Peter Dama, who chairs the Competitive African Rice Forum, argued that the government’s approach risks alienating private operators and discouraging investment. “You don’t just order prices to crash,” he said. “At best, the government should have convened stakeholders and provided subsidies. Pronouncements without engagement will not work.”
Dama warned that persistent importation and lack of support were forcing many farmers to quit agriculture. “We are not in an autocratic government. Stakeholders must be carried along.”
Mechanisation Delays
Stakeholders also criticised delays in mechanisation efforts. In July 2024 the government launched 2,000 tractors to support farmers, but more than a year later none have been distributed. “The tractors were launched in July but no modalities have been given,” Ibrahim said. “We need them to support human labour with machine power.”
A senior Agriculture Ministry official, who requested anonymity, confirmed that the distribution list is awaiting presidential approval. “Such directives involve trade, finance, customs and investment ministries,” the official said. “A technical committee will address stakeholders’ concerns.”
Farmers further argue that Nigeria’s weak purchasing power is blunting the effect of falling prices.
“Even if food prices fall, people don’t have the money to buy,” Ibrahim stressed. Other stakeholders echoed his view, warning that without urgent subsidies for inputs and stronger consumer demand, food insecurity will deepen.
Fallout from Duty-Free Imports
Critics blame much of the current disruption on the 180-day duty-free window introduced in July 2024, which allowed licensed firms to import staples such as maize, husked brown rice, wheat, beans and millet without duties or tariffs. Although intended as a stopgap against food inflation, the policy ended in December 2024 and triggered a rush of imports without addressing Nigerians’ weakened purchasing power.

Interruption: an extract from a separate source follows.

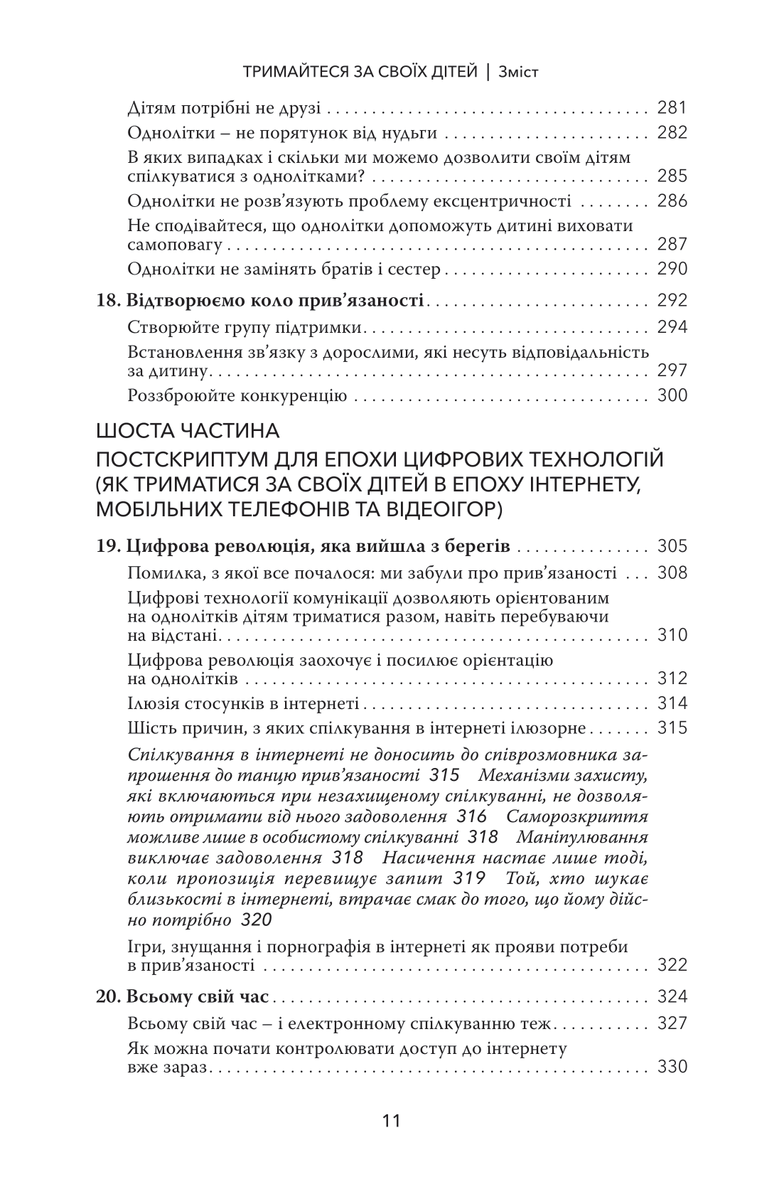 Пропонуючи ефективні стратегії збереження та відновлення стосунків дитини з батьками, ця книга пропонує нові природні альтернативи сучасним надуманим методам контролю поведінки. Зміст книги відгукнеться батькам дітей будь-якого віку, починаючи від немовлят і закінчуючи дорослими дітьми. Читачі часто зауважують, скільки труднощів і плутанини вони могли б уникнути, якби цей матеріал був їм доступний із самого початку. Оригінальне видання вийшло у 2004 році, безпосередньо перед появою Facebook та інших соціальних медіа. Озираючись назад, можна побачити, на скільки влучно книга передбачила, але не могла повністю уявити вплив цифрової революції. В 2013 році книга була видана з додатковими розділами про виховання дітей у цифровому світі.

According to Ibrahim, government silos and private warehouses are now filled with unsold food. “Maize that once sold for ₦60,000 per tonne now goes for ₦30,000. Farmers cannot recover input costs,” he said.
Chinasa Asonye, National Secretary of the Small-Scale Women Farmers Organisation in Nigeria, added that high input costs and poor-quality subsidised products have crippled production. “Some of the subsidised inputs distributed were expired and caused more harm than good,” she said. She also accused traders and agencies of hoarding grains in anticipation of higher prices, only to suffer losses when prices fell.
Way Forward
Stakeholders agree that piecemeal interventions—duty-free waivers, directives to crash food prices, or delayed tractor distribution—cannot solve Nigeria’s food crisis.
“Yes, reducing transport costs will bring some relief,” Dama said. “But government must also engage rice millers, farmers and private investors. Import licences should not replace real investment in local production.”
Asonye warned that small-scale farmers, especially women, face the greatest risks. “If farmers cannot break even, they will abandon production or resort to strike actions. That will deepen the food crisis.”
With agricultural imports climbing to ₦2.22 trillion in six months and local farmers struggling with input costs, storage challenges and poor purchasing power, the outlook for Nigeria’s food sector remains fragile. Unless subsidies, infrastructure support and stakeholder consultations become central to policy, experts warn, the country’s reliance on imports will continue to rise—at the expense of local production and long-term food security.